Atrial fibrillation and the risk for myocardial infarction, all-cause mortality and heart failure: A systematic review and meta-analysis.
Ruddox Vidar,Sandven Irene,Munkhaugen John,Skattebu Julie,Edvardsen Thor,Otterstad Jan Erik
European journal of preventive cardiology
Background In contemporary atrial fibrillation trials most deaths are cardiac related, whereas stroke and bleeding represent only a small subset of deaths. We aimed to evaluate the long-term risk of cardiac events and all-cause mortality in individuals with atrial fibrillation compared to no atrial fibrillation. Design A systematic review and meta-analysis of studies published between 1 January 2006 and 21 October 2016. Methods Four databases were searched. Studies had follow-up of at least 500 stable patients for either cardiac endpoints or all-cause mortality for 12 months or longer.

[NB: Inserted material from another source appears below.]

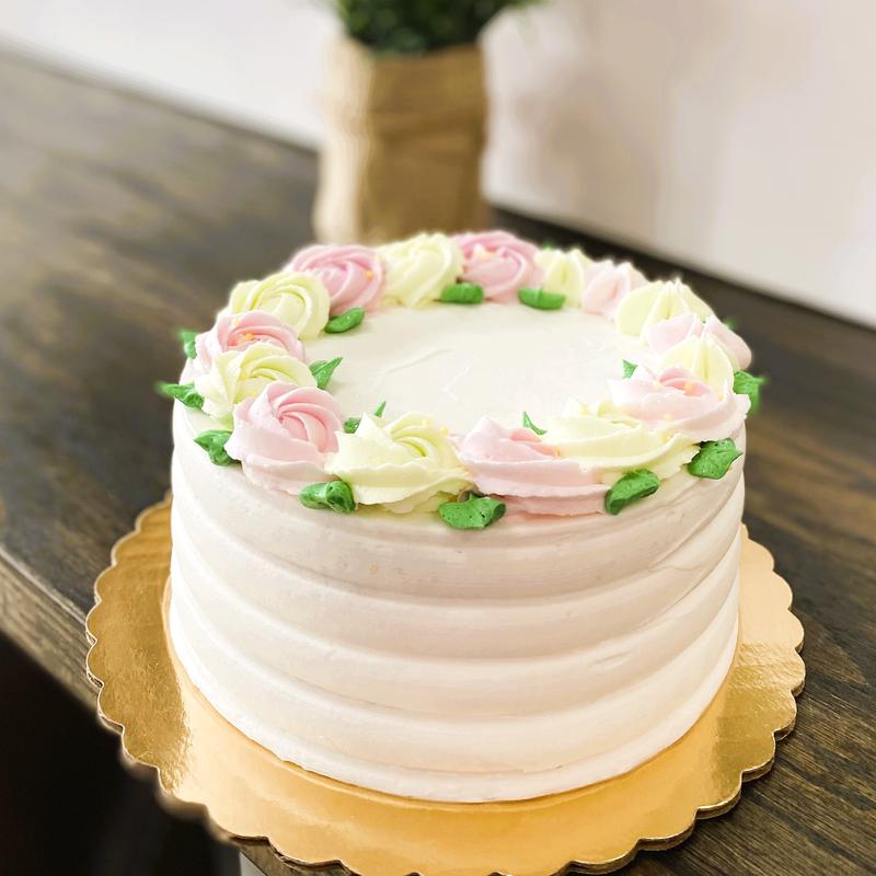 Cake includes basic frosting, one color tinted frosting and writing. Additional colors, hand piping, specialty decor will incur additional charges please see Cake Options for more details.

Publication bias was evaluated and random effects models were used to synthesise the results. Heterogeneity between studies was examined by subgroup and meta-regression analyses. Results A total of 15 cohort studies was included. Analyses indicated that atrial fibrillation was associated with an increased risk of myocardial infarction (relative risk (RR) 1.54, 95% confidence interval (CI) 1.26-1.85), all-cause mortality (RR 1.95, 95% CI 1.50-2.54) and heart failure (RR 4.62, 95% CI 3.13-6.83). Coronary heart disease at baseline was associated with a reduced risk of myocardial infarction and explained 57% of the heterogeneity. A prospective cohort design accounted for 25% of all-cause mortality heterogeneity. Due to there being fewer than 10 studies, sources of heterogeneity were inconclusive for heart failure. Conclusions Atrial fibrillation seems to be associated with an increased risk of subsequent myocardial infarction in patients without coronary heart disease and an increased risk of, all-cause mortality and heart failure in patients with and without coronary heart disease.